EFF is continuing its research into Comcast's use of forged RST packets to interfere with their customers' BitTorrent connections. (Apparently the FCC is investigating, as well.) While Comcast has remained conspicuously silent about the technical details of its activities, a few networking engineers have tried to defend Comcast by proposing technical justifications for Comcast's interference activities.

One of the most energetic of these pundits is Richard Bennett, who has argued that Comcast deserves a "pat on the back and a gold star", not criticism, for injecting spoofed RST packets into their users' traffic. In this post we're going to examine and rebut his arguments...
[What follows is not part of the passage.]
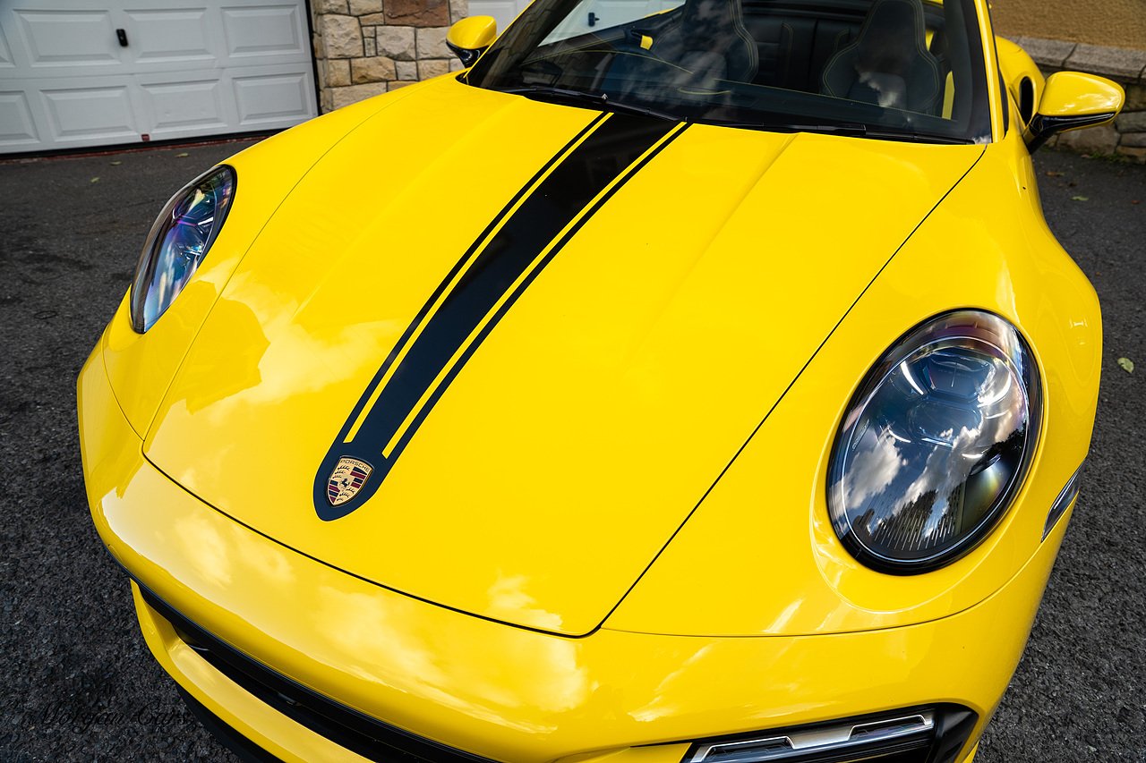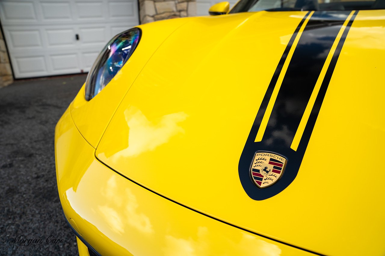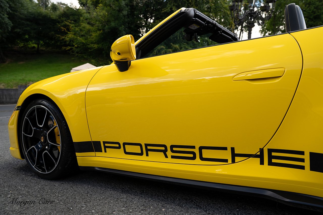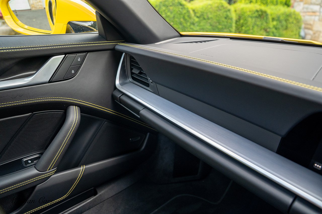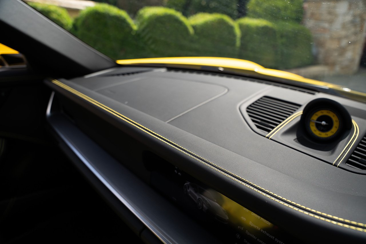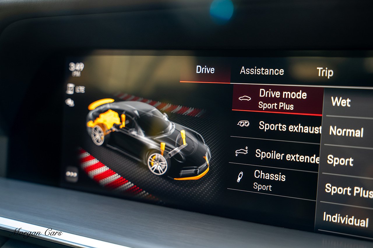 Morgan Cars are proud to present this Huge Spec Porsche 992 Turbo S finished in Racing Yellow with full Black smooth finish leather interior, Specification is Fantastic on this Turbo S and includes LED Matrix headlights in Black with Porsche Dynamic light system plus, Front Axle Lifting System, 18 Way adaptive Memory front sports seats, Bose Sound System, Akrapovic Titanium Sports Exhaust system, Front end Paint Protection Film , 20/21" Porsche exclusive design alloy wheels, Interior package in contrasting Racing yellow stitching, Adaptive Cruise Control, Porsche Motorsport Side Decals and Porsche Bonnet Stripe in Gloss Black, Surround View Camera system, Lane change assist, Heated GT Sports steering wheel, Power steering plus, Model designation on rear in gloss black, Exclusive Design Tail lights, Ambient interior lighting, Chrono dial in Racing yellow, Central Tachometer in Racing Yellow, Rear Axle steering, Porsche Dynamic chassis control Sport, Interior trim inlays in Aluminium.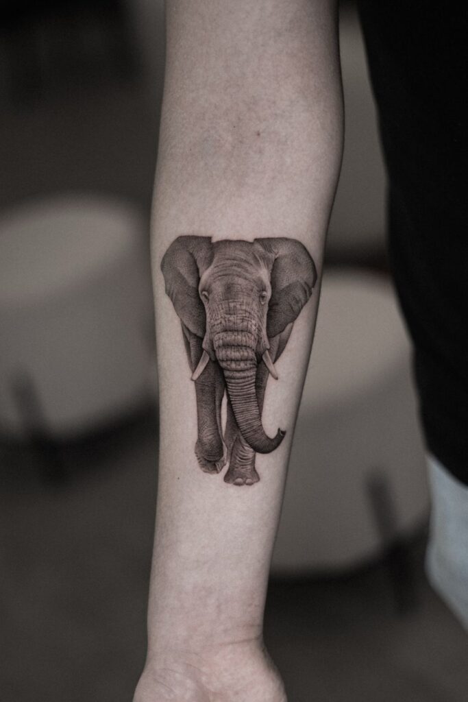 A simple elephant tattooo or a fine line elephant tattoo can reflect this quiet intelligence while maintaining an elegant and subtle look.

Aside from making some strange accusations against us,1 Bennett has offered a series of possible explanations to justify Comcast's activities. They are all arguments of the form:

Because of complicated technical reason x, Comcast needs to spoof RST packets, or use other means that are almost as drastic, to jam broad classes of TCP connections in order to prevent BitTorrent from overloading cable modem networks.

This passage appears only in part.